Adam et Eve – Suzanne Valadon

Née de père inconnu, fille d’une blanchisseuse, Marie-Clémentine Valadon grandit dans l’effervescence et la liberté du quartier bohème de Montmartre. Elle commence une carrière dans le cirque avant de poser comme modèle pour des peintres tels que Puvis de Chavannes, Renoir ou encore Toulouse-Lautrec. 

C’est d’ailleurs ce dernier qui lui donnera son surnom : Suzanne. Comme le personnage biblique du Livre de Daniel que deux vieillards lubriques observent au bain. En effet , comme pour elle, le corps nu de la jeune modèle est soumis aux regards de vieillards concupiscents.

Si Suzanne est un modèle réputé, aucun des peintres qu’elle côtoie ne la soutient dans son désir de devenir elle-même artiste : la place d’une femme doit rester d’un seul côté du chevalet ! Seul Degas l’encourage, l’initiant même à certaines techniques. Mais c’est en autodidacte qu’elle se lance dans le dessin puis la peinture.

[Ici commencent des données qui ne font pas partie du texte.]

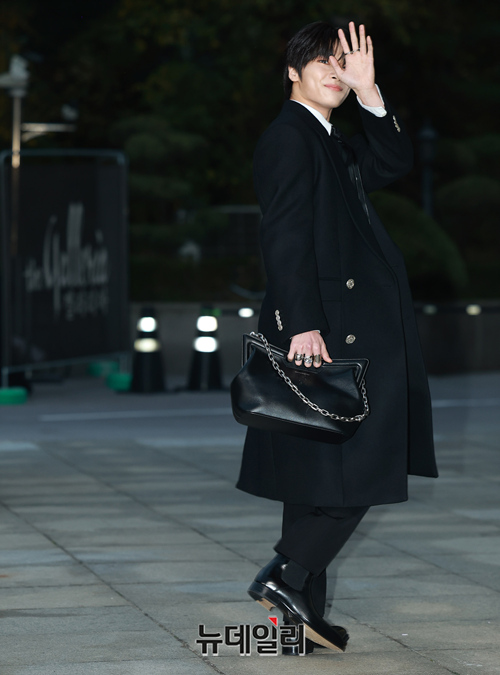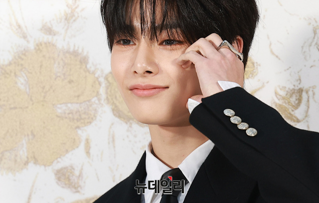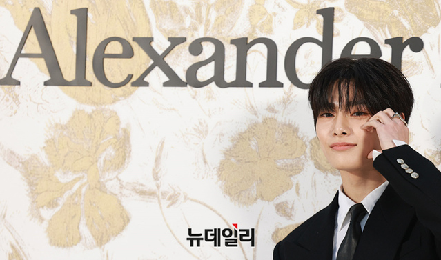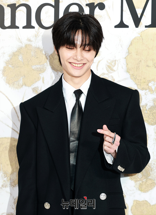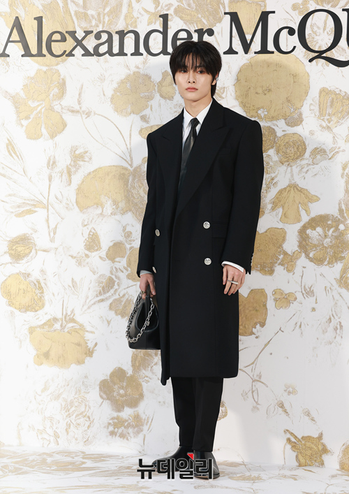 스트레이키즈 아이엔이 1일 오후 서울 강남구 갤러리아 EAST에서 열린 알렉산더 맥퀸 부티크 리오픈 행사에서 포토타임을 갖고 있다.

En 1909, elle s’attaque à un monument de l’art pictural : la représentation d’Adam et Ève dans le jardin d’Eden. Mais ce sujet biblique est avant tout l’occasion d’un autoportrait. Elle sera Ève et son amant, André Utter, sera Adam. Suzanne a 44 ans, est déjà une peintre connue et c’est sans complexe que, encore mariée, elle affiche sa liaison avec un homme de 21 ans son cadet, un jeune peintre amateur, ami de son fils Maurice Utrillo. Sur le tableau, elle se rajeunit, met en valeur sa flamboyante chevelure et s’exhibe avec son jeune amant dans un nu audacieux.

Car si les peintres hommes ont tout le loisir de représenter des femmes nues, l’inverse n’est pas vrai. Et lorsque Suzanne veut présenter son tableau au salon d’automne de 1920, elle est priée de rhabiller quelque peu Adam et se voit contrainte de lui ajouter une guirlande de feuilles de vigne.  

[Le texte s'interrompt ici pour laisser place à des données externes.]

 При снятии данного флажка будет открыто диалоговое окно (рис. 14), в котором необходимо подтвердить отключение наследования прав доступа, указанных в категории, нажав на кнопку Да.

Ce tableau n’en témoigne pas moins de la liberté que prend l’artiste avec la représentation des corps, qui ne sont pas idéalisés, comme avec la représentation du sujet. En effet, elle inverse les positions d’Adam et Eve, Adam étant traditionnellement à gauche et Ève à droite. De plus, on ne lit aucune culpabilité dans cette scène où Ève se saisit de la pomme dans un mouvement libre et un sourire taquin. Les corps sont en parfaite harmonie dans ce jardin d’Eden : les tons bleus et verts du paysage se retrouvent par touches légères sur les carnations des personnages. Enfin et surtout, Suzanne ne représente aucun serpent tentateur. Pas de péché donc sur cette toile. Mais une initiation, d’un jeune homme par une femme mûre, aux plaisirs de la sexualité… et à la peinture. Suzanne aurait ainsi attiré André Utter chez elle en promettant à ce jeune électricien de faire de lui un peintre…

Vous voulez un dernier secret ? Avez-vous remarqué que les corps d’Adam et Ève étaient cernés de noir ? C’est un peu la marque de fabrique de Suzanne Valadon lorsqu’elle représente des corps.